The old Count, his chin up, his withered, yellow face vitalized, lifted his hands like one before something elevated and noble. After some moments had passed he continued:

“On the following day the assassin was captured in a neighboring village. Feeling ran so high that it was with difficulty that the officers of the law saved him from being lynched. He was taken about from one prison to another. Finally he was put on trial for murder.

“There was never a clearer case before any tribunal in this world.

“Many witnesses identified the assassin—not merely English-speaking men, who might have been mistaken or prejudiced, but Austrians, Poles, Italians—the men of the mines who knew him; who had heard him cry out the fatal Italian word; who saw him following in the road behind his victim on that Sunday afternoon of summer; who knew his many names and every feature of his cruel, degenerate face. There was no doubt anywhere in the trial. Learned surgeons showed that the two wounds in the dead man's back from the big-calibered weapon were deadly, fatal wounds that no man could have survived.

“There was nothing incomplete in that trial.

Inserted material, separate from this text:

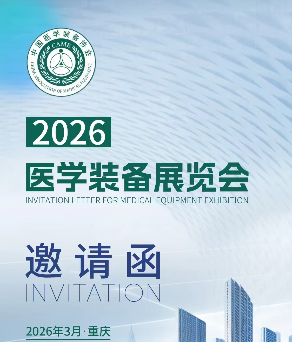 2026年第35屆中國醫學裝備大會暨2026醫學裝備展覽會將于2026年3月26日至29日在重慶國際博覽中心舉辦,展會由中國醫學裝備協會主辦,是醫學裝備領域的重要行業盛會。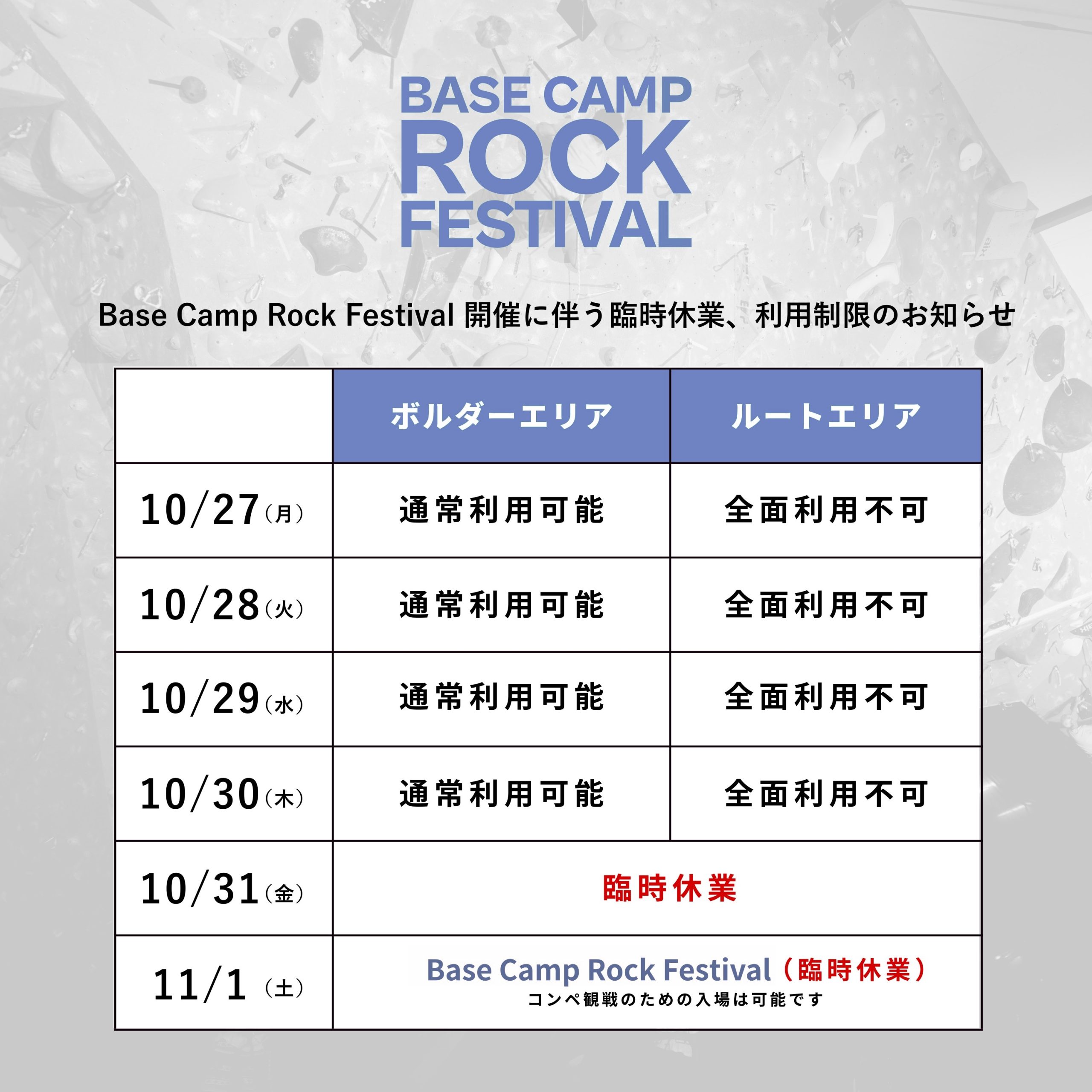 【Base Camp Rock Festival 2025 開催に伴う利用制限・臨時休業についてのお知らせ】

“Everything was so certain that the assassin did not even undertake to contradict; not one statement, not one word of the evidence against him did he deny. It was a plain case of willful, deliberate and premeditated murder. The judge presiding at the trial instructed the jury that a man is presumed to intend that which he does; that whoever kills a human being with malice aforethought is guilty of murder; that murder which is perpetrated by any kind of willful, deliberate and premeditated killing is murder in the first degree. The jury found the assassin guilty and the judge sentenced him to be hanged.”

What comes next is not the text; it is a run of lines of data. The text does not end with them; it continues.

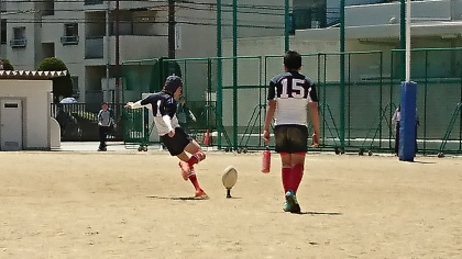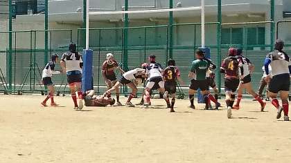 前半の様子です。1トライを取られるものの、押し気味に試合を進め、19−7で前半を終えました。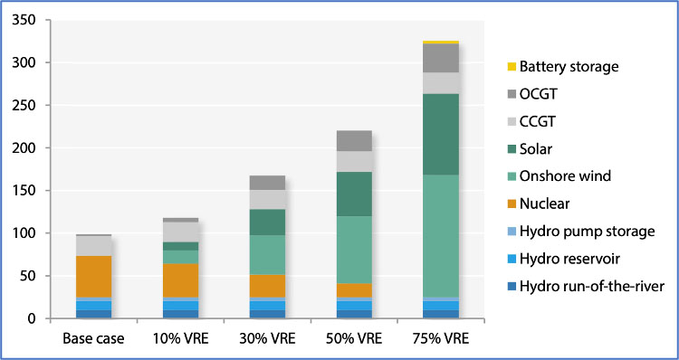但實(shí)際可能產(chǎn)生的變化遠(yuǎn)不止于此。2019年,OECD/NEA曾發(fā)布《The Costs of Decarbonisation》,以一個(gè)年用電量5370億kWh的地區(qū)(如法國(guó))為例,研究在當(dāng)前裝機(jī)格局的基礎(chǔ)上,當(dāng)風(fēng)電、光伏合計(jì)滲透率分別為10%、30%、50%、75%時(shí),區(qū)域在系統(tǒng)成本、可靠性、電價(jià)等方面的顯著變化。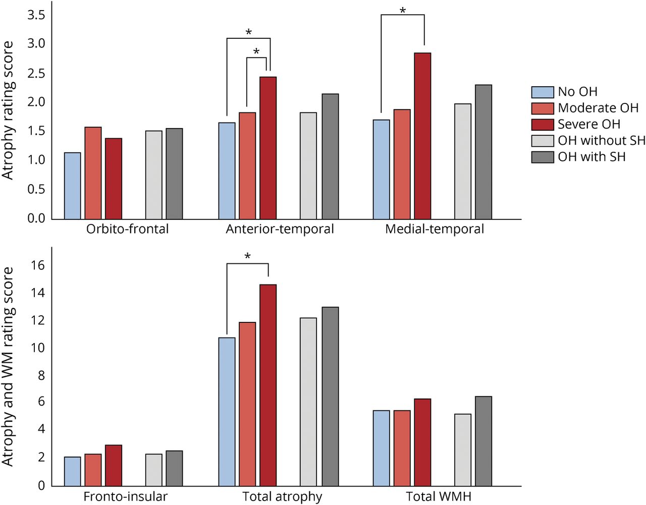 患者临床和神经影像数据从384年路易身体疾病证明哦与全球和区域涉及前颞脑萎缩和mediotemporal地区,在那些有严重的哦。患者未发现负责人负担的差异和没有哦或SH。此外,SH并不是与全球或地区脑萎缩有关。

The Count paused and looked at his companions about him on the terrace.

“Messieurs,” he said, “do you think that conviction was just?”

There was a common assent. Some one said: “It was a cruel murder if ever there was one.” And another: “It was wholly just; the creature deserved to hang.”

The old Count bowed, putting out his hands.

“And so I hoped he would.”

“What happened?” said the American.

The Count regarded him with a queer, ironical smile.

“Unlike the great British people, monsieur,” he replied, “your courts have never given the pig, or the pasture on which he gathers his acorns, a consideration above the human family. The case was taken to your Court of Appeals of that province.”

He stopped and lighted his cigarette deliberately, with a match scratched slowly on the table.

“Monsieur,” he said, “I do not criticize your elevated court. It is composed of learned men—wise and patriotic, I have no doubt. They cannot make the laws, monsieur; they cannot coin a conception of justice for your people. They must enforce the precise rules of law that the conception of justice in your country has established.

“Nevertheless, monsieur”—and his thin yellow lips curled—“for the sake of my depleted revenues I could have wished that the decision of this court had been other than it was.”

“And what did it decide?” asked the American.

“It decided, monsieur,” replied the Count, “that my estates in Salerno must continue to be charged with the gratuity to the indigent relative.

“That is to say, monsieur, it decided, because the great pagan did not wait to die in agony, did not wait for the mortal wounds inflicted by the would-be assassin to kill him, that interesting person—the man in the green hat—was not guilty of murder in the first degree and could not be hanged!”

Note—See State versus Angelina; 80 Southeastern Reporter, 141: “The intervening responsible agent who wrongfully accelerates death is guilty of the murder, and not the one who inflicted the first injury, though in itself mortal.”